Ringfort (Rath), Rathtrim, Co. Westmeath
Co. Westmeath |
Ringforts
A roughly Z-shaped depression in the ground is not usually the most dramatic feature of an early medieval enclosure, but at this ringfort in Rathtrim, County Westmeath, it may be the most telling.
The depression occupies the north-western half of the interior and is thought to be a collapsed souterrain, an underground passage or chamber typically cut into subsoil or rock, used in early medieval Ireland for storage and possibly refuge. The earthwork itself sits on a low rise in undulating pasture, with open views to the north and north-east, while higher ridges close in from the south and south-west.

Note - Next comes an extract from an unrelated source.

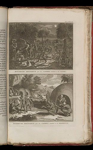 Honneurs religieux que les Cafres rendent à la lune. Honneurs religieux que les Cafres rendent à un hanneton, du livre illustré Cérémonies et coutumes religieuses de tous les peuples du monde

The site is roughly circular, measuring around 32.5 metres in diameter, and was described in detail in 1980 as a bank that has been worn down to a scarp along much of its circuit. There is no visible entrance surviving, and no outer fosse, the defensive ditch that often accompanies monuments of this type. What complicates the picture further is that an old field boundary, running north-east to south-west, cuts straight through the monument, bisecting it in a way already visible on the Ordnance Survey six-inch map of 1837 and still recorded on the revised twenty-five-inch edition of 1913. This means the ringfort has been divided by agricultural activity for well over two centuries, with additional field banks extending from the outer face at the north-west and a second boundary cutting into the scarp at the north-north-west. The eastern half of the interior is level and offers no obvious surface features. Old cultivation ridges and small rock outcrops in the surrounding fields suggest the landscape around the monument has a long and layered history of use.